Ваши позиции близки в одном – вы оба исходите из того, что убийство есть убийство, только из этого следуют два разных вывода, один – давайте бороться с более важными убийствами, а второй – давайте бороться с наиболее легко побеждаемыми убийствами.

Павел Бегичев: Нет, я бы сказал: давайте бороться со всякими убийствами! Давайте уравняем убийства, и если за убийство предусмотрено уголовное преследование, то давайте, может быть, сделаем уголовное преследование и за аборт.

Яков Кротов: А если военный летчик бомбит вражеские позиции, то это геройский подвиг, и он получает орден.

Павел Бегичев: И я как пацифист глубоко скорблю по поводу такого положения вещей! Тот, кто сбросил бомбу, все равно согрешил.

Яков Кротов: Но он не наказывается.

Павел Бегичев: Ну, из-за несовершенства нашего общества и недостаточно последовательного исповедания христианских нравственных ценностей человек, убивший на войне, считается героем, потому что он совершает как бы возмездие. На мой взгляд, ценна любая человеческая жизнь!

Павел Бегичев

Яков Кротов: Тут еще одновременно запрет бэби-боксов

Ценна любая человеческая жизнь!

Павел Бегичев: Ну, запрет бэби-боксов - это, по-моему, глупость.

Светлана Панич: Да, это глупость. Но это вещи очень сильно связанные. И очередной виток антиабортных страстей, и запрет бэби-боксов, равно как и шум, поднявшийся вокруг закрытой выставки фотографий обнаженных подростков в Центре Люмьеров, - все это, мне кажется, проявляет одну очень слабую сторону нашего христианского социума. Подобного рода вещи могут возникнуть только там, где, с одной стороны, существует очень слабое представление о безусловной ценности всякой жизни как жизни богоданной, а с другой стороны, там, где не существует никакого положительного богословия телесности, даже шире – богословия сексуальности. Если сексуальность у нас воспринимается исключительно в потребительских категориях, если тело – это объект потребления…

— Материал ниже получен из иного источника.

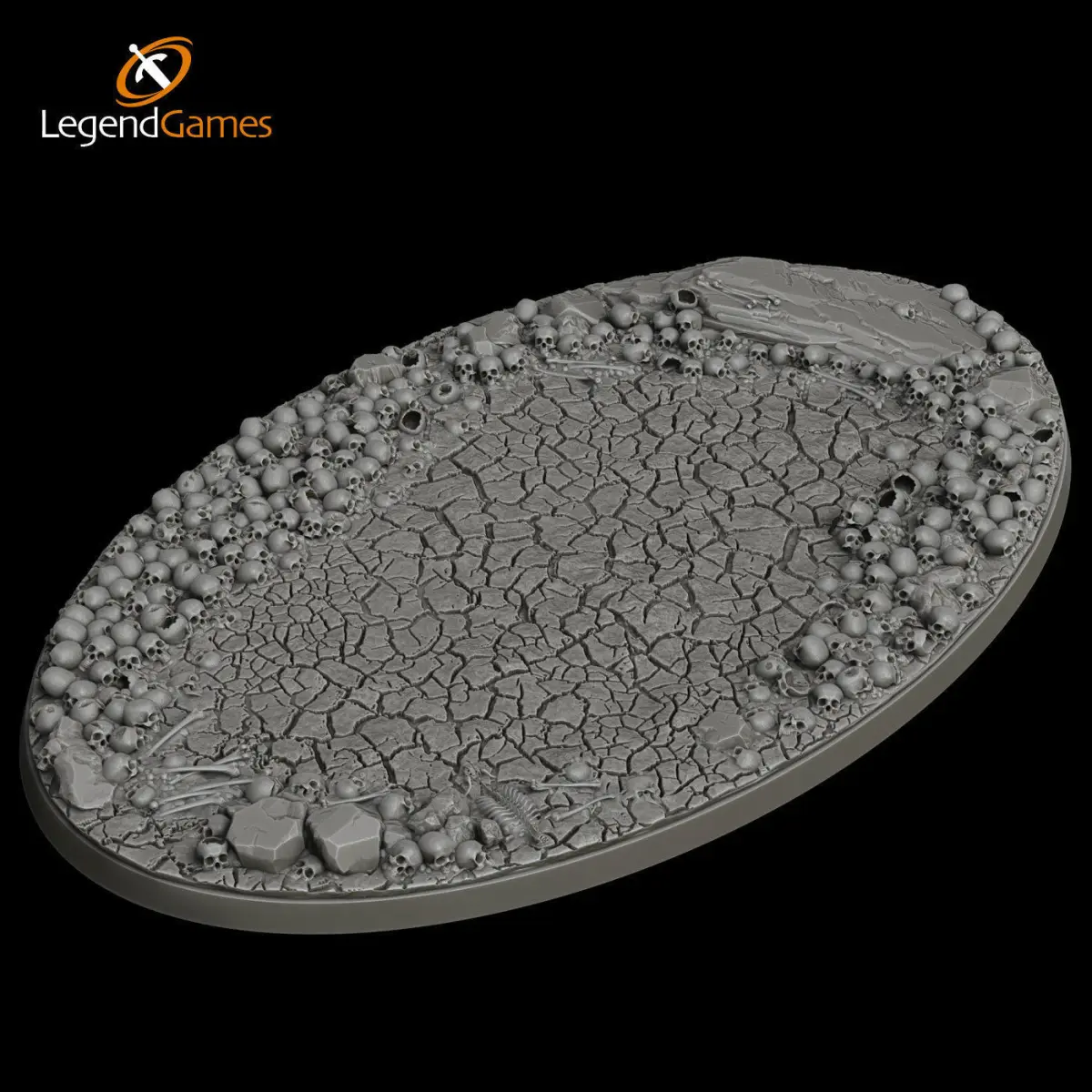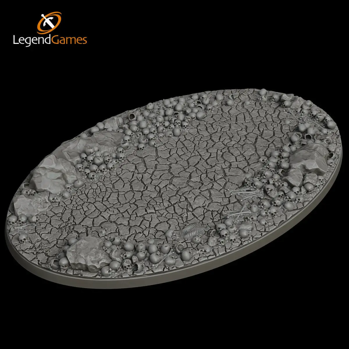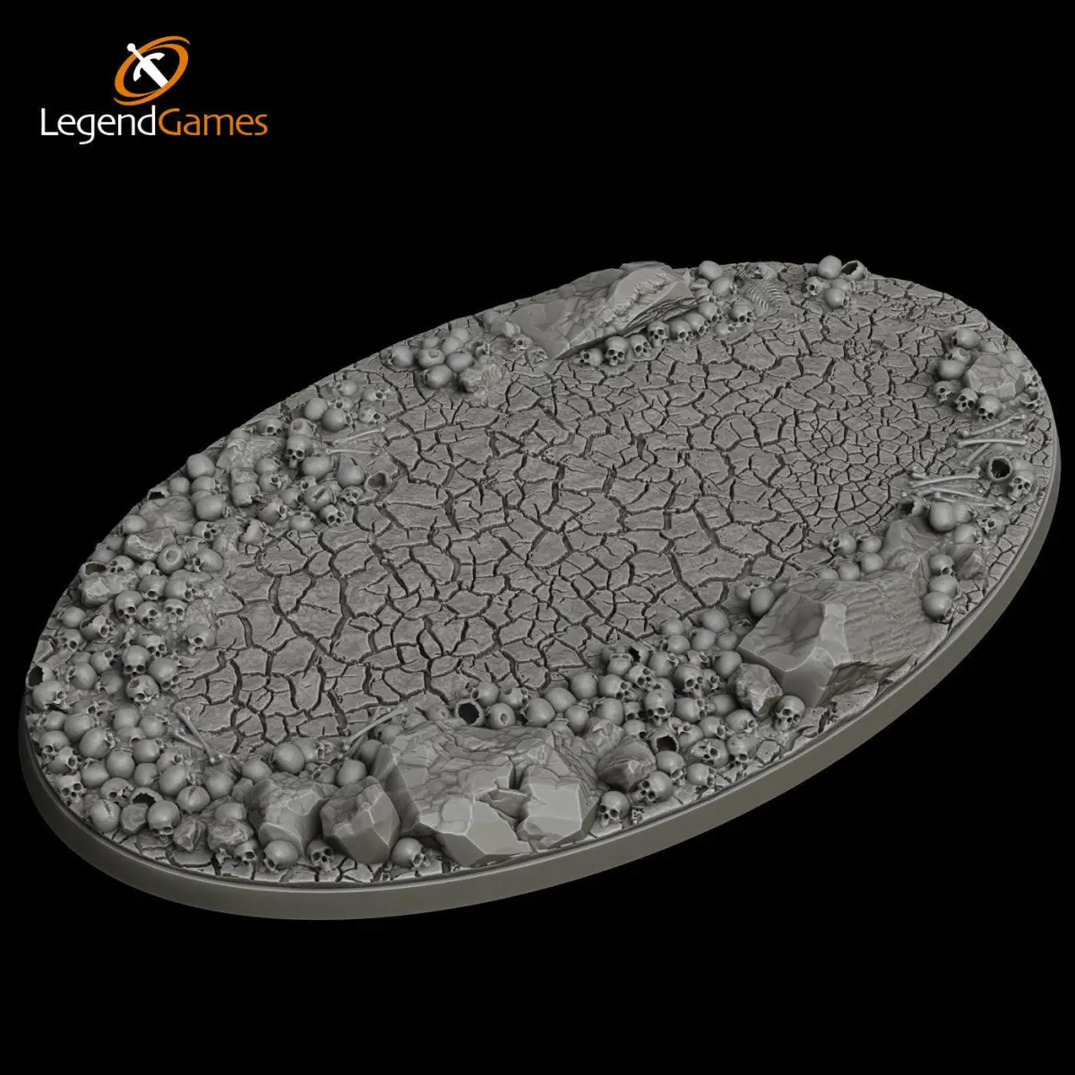 Legendgames Skull Bases come in a variety of designs, from full-skull models to open terrain with a few scattered skulls and long bones.Our base is usually a cracked earth surface with scattered rocks and stones intermingled with skulls and long bones.Some of our bases might feature shifting sands, bubbling mud or rocks and crystals, but in general they all have a consistent look and feel to give your armies a uniform look.Our bases feature a selection of skulls and bones, not just multiples of the same item. A lot of thought goes into positioning and aesthetics - these are not cheap cookie-cutter bases, these are top notch!

А женское тело - достаточно почитать некоторых лиц в рясах, которые говорили, что «ничего, если жену и шлепнуть иногда», - некоторое время назад была такая совершенно постыдная дискуссия в православных кругах о праве сильного на унижение слабого… Так вот, если тело воспринимается исключительно как объект потребления, то всякий беззащитный человек (а младенец – это беззащитный человек) становится объектом социального манипулирования. Допустим, у женщины нет возможности оставить ребенка у себя (тут могут быть социальные причины), но если у нее нет права оставить ребенка в бэби-боксе, в больнице или у Дома малютки, то таким образом ее ребенок становится такой вот разменной монетой, с ним играют.

Павел Бегичев: С этим никто не спорит. Я просто не могу понять, при чем тут выставка…

Светлана Панич: А для меня это явления одного порядка.

Яков Кротов: То есть женщина имеет право фотографироваться в обнаженном виде.

Если у женщины нет права оставить ребенка в бэби-боксе, то ее ребенок становится разменной монетой

Светлана Панич: Я вообще считаю, что тут не возникает разговор о праве. Никто, на мой взгляд, не имеет права априорно определять, что вот это должно вызывать похотливые чувства, вот это должно быть привязано к матери, а это должно быть запрещено.

Павел Бегичев: Почему же никто не имеет права? А Бог?

Светлана Панич: Ну, кроме Бога, конечно. Но я говорю не о Боге, а о человеках.

Павел Бегичев: Бог все-таки запрещает нам похотливые мысли.

Светлана Панич: Да, и мужчинам, и женщинам - всем запрещает. Следовательно, у нас есть два пути – либо запретить то, что в силу нашей испорченности наводит нас на эти мысли, либо что-то сделать со своими мыслями, спросить у себя, почему это наводит на похотливые мысли.

Павел Бегичев: Христос прямо советует в таких случаях вырвать глаз, а не запретить выставку.

Светлана Панич: Вот!

Павел Бегичев: Но мы же говорим сейчас не о запрете, погроме или кандалах для художников. Мы говорим о нравственной оценке того деяния, которое совершает человек, который фотографирует девочек и выставляет их…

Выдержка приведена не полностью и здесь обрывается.